ACADIAN TATAMAGOUCHE

9
 

It is particularly difficult to place the road from the place it left the main Isgonish River, until it reached the French River and from there to the head of the tide. Probably, the branch of the Isgonish that had its source in Farm Lake and Clear Lake was followed, for according to tradition, there was an Indian graveyard and a farm near the North end of Farm Lake, from which fact the lake took its name. Clear Lake, according top tradition, also derived its name from a clearing and a camping ground nearby, which was used by the early settlers in journeying from Tatamagouche to Cobequid. This route, by Farm Lake and by Clear Lake was the most direct and probably the most accessible. There are, however, traditions that it was the Mill Brook branch of the French River that was followed, rather than the main River itself. Willard* in his journal, mentions that after he came to the first houses and barns in Tatamagouche, he came down a river running East, and it is significant that the course of the Mill Brook is for a time almost East. Then, too, the Mill Brook took its name from the French having built on it a small water mill.

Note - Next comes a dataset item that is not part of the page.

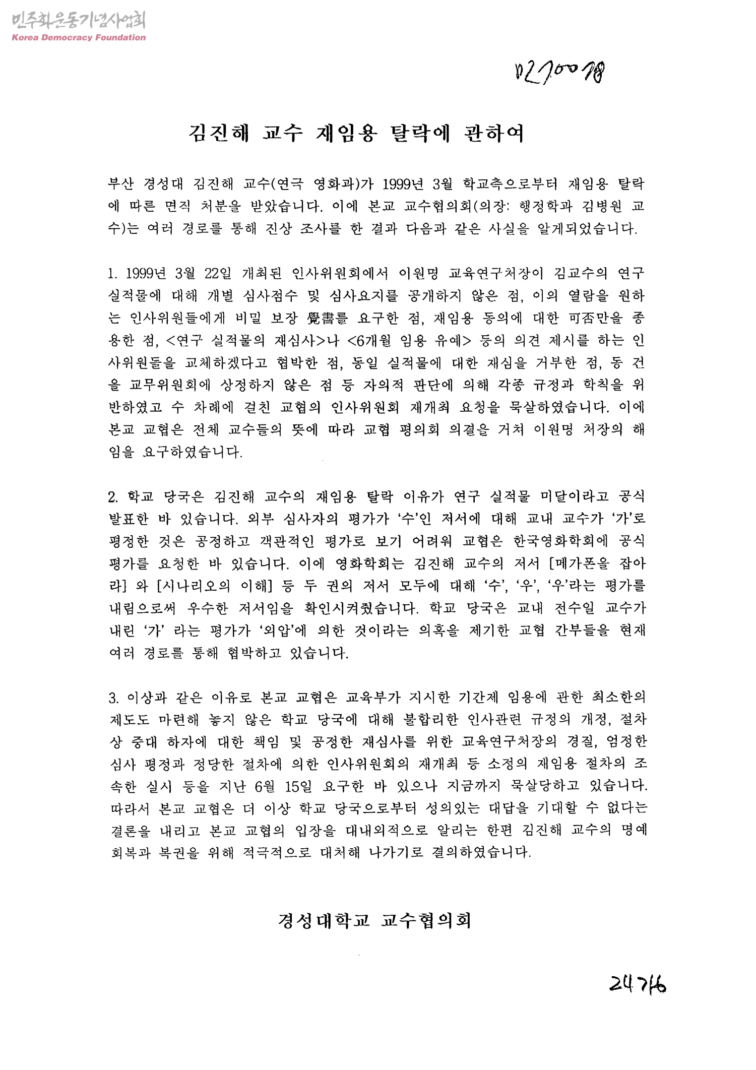 김진해 교수 재임용 탈락에 관하여

There is also a tradition that the Acadians had cleared fields and cut hay in the meadows much further up the Mil Brook near the Florida Road and it was this stream which they followed all the way. It must be remembered, however, that this so-called road, compared to our modern roads, was nothing much better than a blazed trail, whose chief value was that by its directions could be kept. Yet, from time to time, the French took over it horses, cattle, sheep and fowl. French an British troops were able to cover the distance from Cobequid to Tatamagouche in a day-something they could not possibly have done in either a pathless or roadless forest.